Struct Struct 

pub struct Struct<P>(/* private fields */);

ND Structure array.

Implementations

impl<'p, P: MatlabPtr + 'p> Struct<P>

pub fn into_scalar(self) -> Result<ScalarStruct<P>, Self>

If the structure array only holds one element, convert it to a type that reflects that

pub fn field_number(&self, field: &CStr) -> Result<i32, StructError>

Determine the field number for some field name.

NOTE: field numbers are not static; if a new field is added or removed the field numbers change. The only reliable way accessing fields is via their name.

pub fn field_name(&self, fieldnum: i32) -> Result<&'p CStr, StructError>

Determine the field name of the fieldnumth field.

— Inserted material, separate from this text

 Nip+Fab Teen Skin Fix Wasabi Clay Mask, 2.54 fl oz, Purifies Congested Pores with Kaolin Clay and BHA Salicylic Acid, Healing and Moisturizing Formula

pub fn field_names(&self) -> impl Iterator<Item = &'p CStr> + '_

Iterate over all the field names of this struct

pub fn get<I: Index, F: FieldIndex>( &self, idx: I, field: F, ) -> Result<Option<&'p mxArray>, StructError>

Get the field of some structure within this array.

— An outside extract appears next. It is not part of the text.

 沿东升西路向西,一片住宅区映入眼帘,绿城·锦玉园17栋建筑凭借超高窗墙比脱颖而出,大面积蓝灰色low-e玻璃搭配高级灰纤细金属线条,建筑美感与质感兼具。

pub fn fields<F: FieldIndex>( &self, field: F, ) -> Result<impl Iterator<Item = Option<&'p mxArray>> + '_, StructError>

Get an iterator which returns references to the fields of each child structure. So, e.g.: s(1).field, s(2).field, etc.

impl<'p, P: MutMatlabPtr + 'p> Struct<P>

pub fn as_ref_struct<'s>(&'s self) -> Struct<&'s mxArray>

pub fn get_mut<I: Index, F: FieldIndex>( &mut self, idx: I, field: F, ) -> Result<Option<&'p mut mxArray>, StructError>

Get a mutable access to the field of some child struct.

pub fn set<I: Index, F: FieldIndex>( &mut self, idx: I, field: F, value: MxArray, ) -> Result<Option<MxArray>, StructError>

Set the value of a field of some child struct. Returns the previous value, if there was any.

pub fn replace<I: Index, F: FieldIndex>( &mut self, idx: I, field: F, value: Option<MxArray>, ) -> Result<Option<MxArray>, StructError>

Replace the current value of some child struct. This can be either None (removing the element), or Some(value) (in which case it replaces the old value). In either case, it returns what was previously there, which can also be None or Some(value).

pub fn unset<I: Index, F: FieldIndex>( &mut self, idx: I, field: F, ) -> Result<Option<MxArray>, StructError>

Unset a struct field by setting it to None. See replace.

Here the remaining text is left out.